Not until they had arrived at the broad steps did the whirling ball stop. Then the princess of the palace reined in her horse and graciously stretched out her hand with a quick nervous smile:
“Well, all right then....”
Stellan did not kiss her riding glove. In front of the groom he bent quickly forward and pressed his lips to her cheek.
She kept her countenance.
“Well, one can still live, even with a little self-contempt,” he thought, when of her own accord she put her arm through his on the steps. He was right. Nothing really improves your chances better in the game of life.
Elvira was right in saying her father would be furious. The little man positively swelled with wounded dignity, when Stellan came to ask for his daughter’s hand. Elvira hastened to point out that she was of age and could do as she liked, but then he threatened to cast her off, to disinherit her. Yes, he would give all he possessed to the House of Nobles. She tore his heart to pieces when she reminded him in a dry tone that all he possessed came from her mother and that she had her own inheritance from her mother. To be the head of the noble family of Lähnfeldt, and to hear such words from a degenerate plebeian daughter was truly terrible. He summoned to his assistance all the great departed of the castle to fight his fight against his blind and irreverent daughter. He painted in wonderful colours the brilliant and distinguished future she was thoughtlessly flinging away. He threatened to descend on her wedding day into the big porphyry coffin in the crypt below the Church.

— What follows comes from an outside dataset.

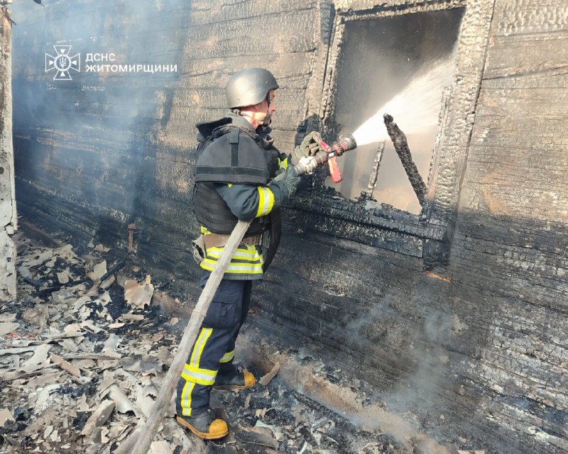 #Житомирщина: російські війська завдали удару по цивільній інфраструктурі та житловим будинкам, обійшлося без постраждалих 17.04.2026, П’ятниця | 11:47 Автор допису: Державна служба з надзвичайних ситуацій #Житомирщина: російські війська завдали удару по цивільній інфраструктурі та житловим будинкам, обійшлося без постраждалих Унаслідок ворожого удару загорілися будинок та господарча споруда. Рятувальники пожежу ліквідували. Джерело Друк / PDF

Goodness only knows if Elvira would have had the strength to struggle on, had not the old man’s mad and obstinate resistance suddenly received a blow. A few weeks later a scandal occurred in society that put the Count’s superstitious belief in the aristocrat to a severe test.

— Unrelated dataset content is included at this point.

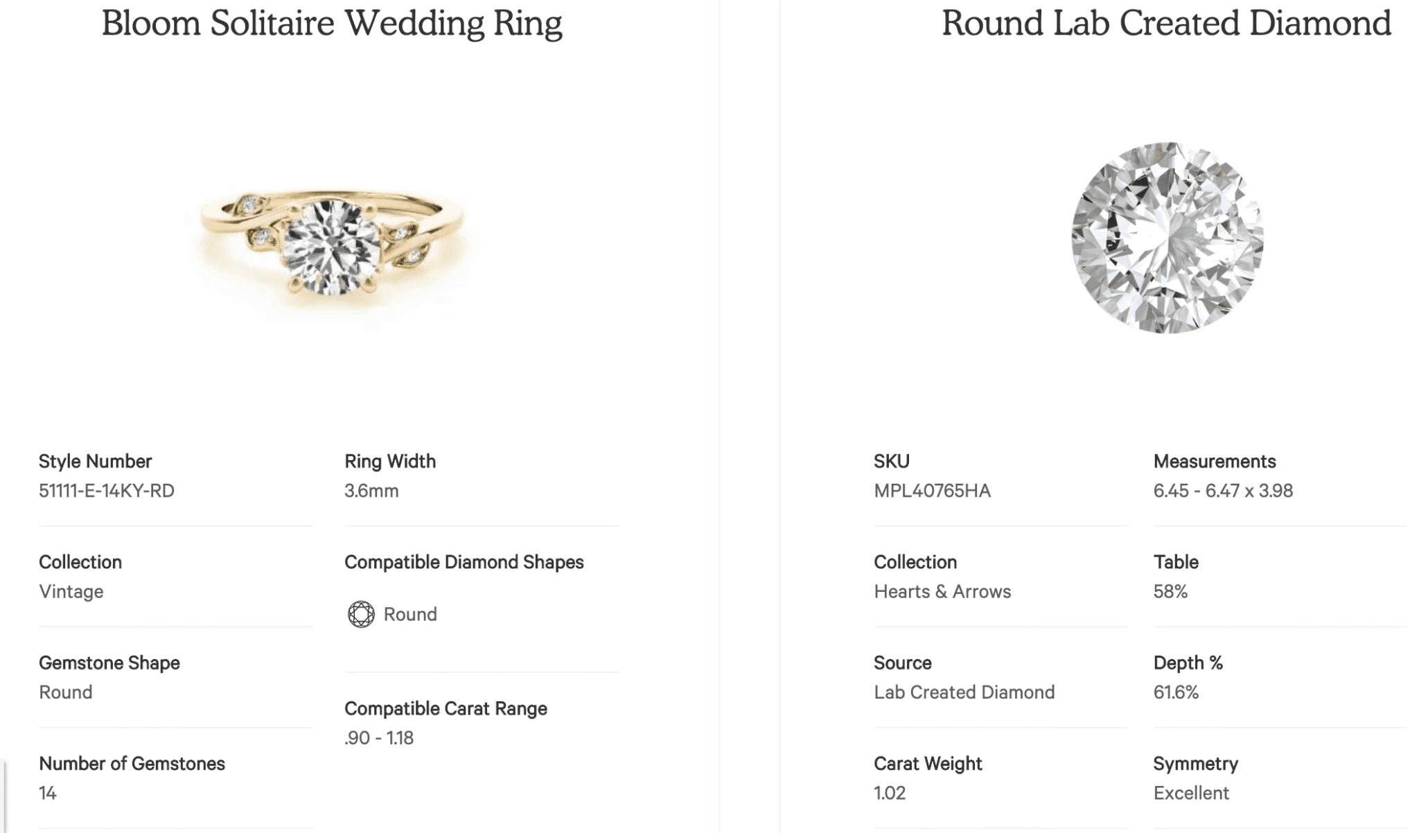 Once I’ve selected my ring setting, I’m taken to one final page before I’m officially adding the solitaire engagement ring I’ve created with my lab diamond and the Bloom Solitaire setting. It allows me to see the specs of both the diamond and ring setting. I can give them both the final once-over. Everything looks great, so let’s find a setting!

His own choice, Baron Manne von Strelert, Captain of the Horse Guards, had shot himself after having forged Count Lähnfeldt’s signature on a bill for twenty thousand crowns. Then the lord of Trefvinge at last gave in, sighing. Poor Manne had served Stellan even unto death....
Where Manne had hidden those lost twenty thousand crowns was never quite cleared up. But amongst his fellow officers there was some talk about “The Glove,” having taken fine new business premises immediately after his death and having considerably increased her business.
Stellan was married at the end of November. There was a splendid ceremony in Church with many decorations and uniforms. Peter was promised higher interest on his loans on the condition that he was ill and absent from the celebrations.